INFORMATION SUPPLIED:
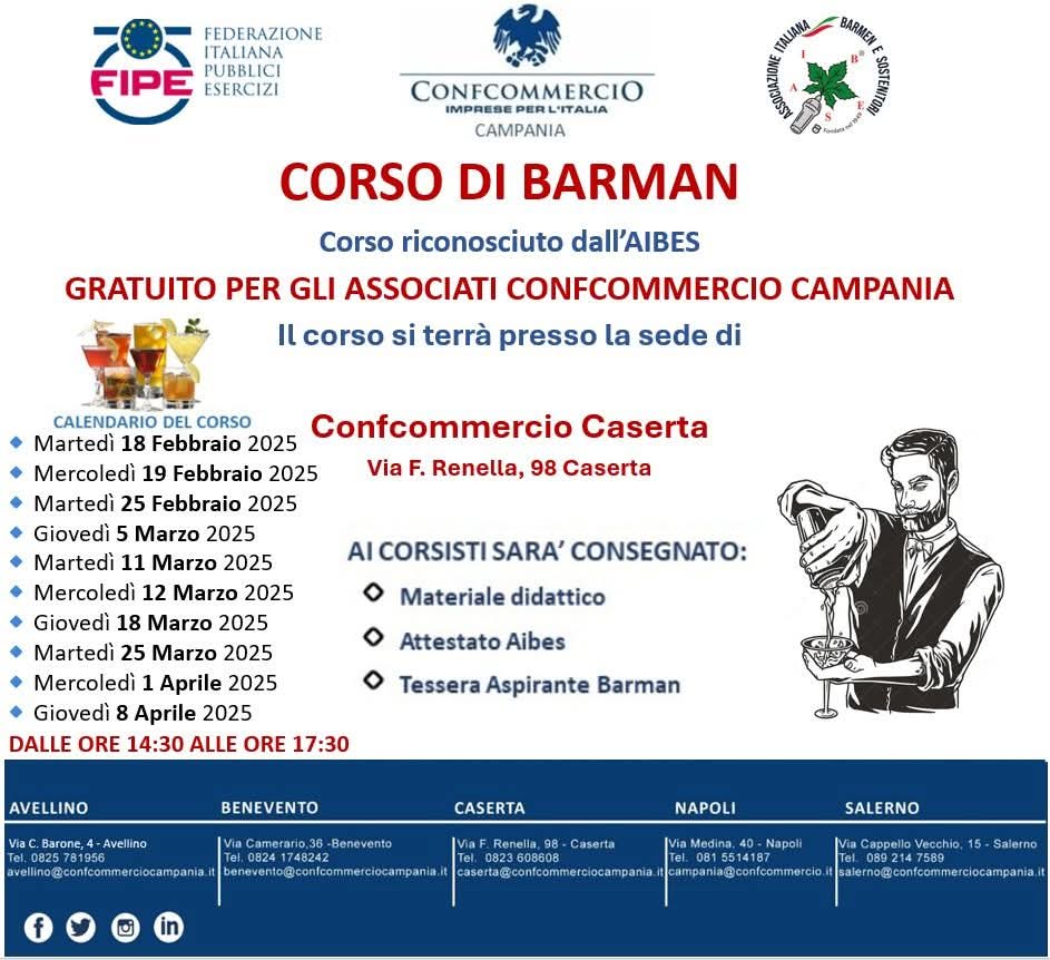 Confcommercio Caserta lancia il corso gratuito di Barman
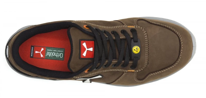 Niedriger Herren-Sicherheitsschuh, Obermaterial aus wasserabweisendem und atmungsaktivem Leder, atmungsaktives und abriebfestes Innenfutter (auf der gesamten Innenfläche), 6+6 metallfreie Ösen, Hinterkappe aus Leder mit Pampasstruktur mit reflektierendem Einsatz, Zehenschutzkappe aus druckgegossenem Aluminium, herausnehmbare Einlage Ortholite X40 016 ESD, zertifizierte durchtrittsichere Sohle aus Verbundgewebe, Versteifungselement zum Schutz vor Verdrehungen, hufeisenförmiger Spitzenschutz, Zwischensohle aus federleichtem Polyurethan ESD, Dämpfungssystem MASTER BALANCE aus PU-Polyether von hoher Bruchfestigkeit und ausgewogener Dichte, X-TRAIL-GRIP-Sohle aus TPU ESD mit Fersen- und Zehenschutz
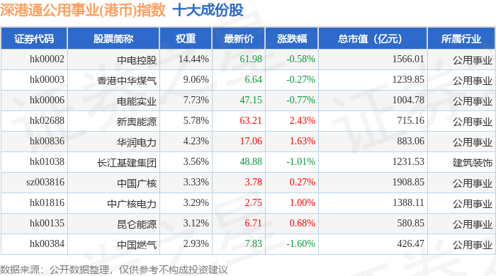 深港通公用事业(港币)(983032)指数十大成份股详情如下:
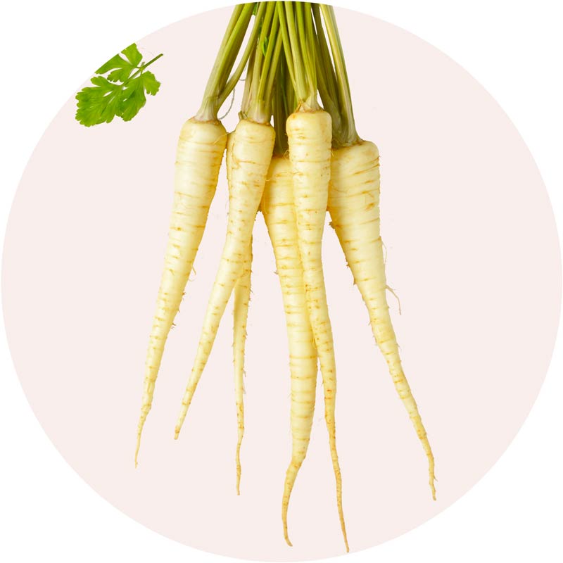 Das traditionelles Wurzelgemüse bringt ein natürliches Gehalt an Vitaminen und Mineralstoffen mit. Sie ergänzt die reduzierte Rezeptur durch ihre ausgewogene Nährstoffstruktur und bringt zugleich eine milde, leicht würzige Note in das Menü.
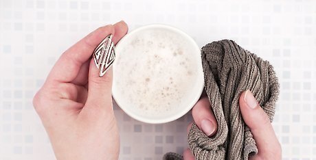 Fill a small bowl with water. Add some mild detergent, like dish soap, to the water. Dip a clean cloth into the water and soap mixture, and wring out the cloth. Then, wipe the piece of jewelry with the cloth until the jewelry is clean. Wipe and clean the jewelry going along the grain of the piece. This helps maintain the jewelry’s uniform finish.

WHAT YOU HAVE TO DO: Copy the final portion of the records: every line from the one containing "Das traditionelles Wurzelgemüse" through the last, word for word, without pictures.

RESPONSE AREA:
 Das traditionelles Wurzelgemüse bringt ein natürliches Gehalt an Vitaminen und Mineralstoffen mit. Sie ergänzt die reduzierte Rezeptur durch ihre ausgewogene Nährstoffstruktur und bringt zugleich eine milde, leicht würzige Note in das Menü.
 Fill a small bowl with water. Add some mild detergent, like dish soap, to the water. Dip a clean cloth into the water and soap mixture, and wring out the cloth. Then, wipe the piece of jewelry with the cloth until the jewelry is clean. Wipe and clean the jewelry going along the grain of the piece. This helps maintain the jewelry’s uniform finish.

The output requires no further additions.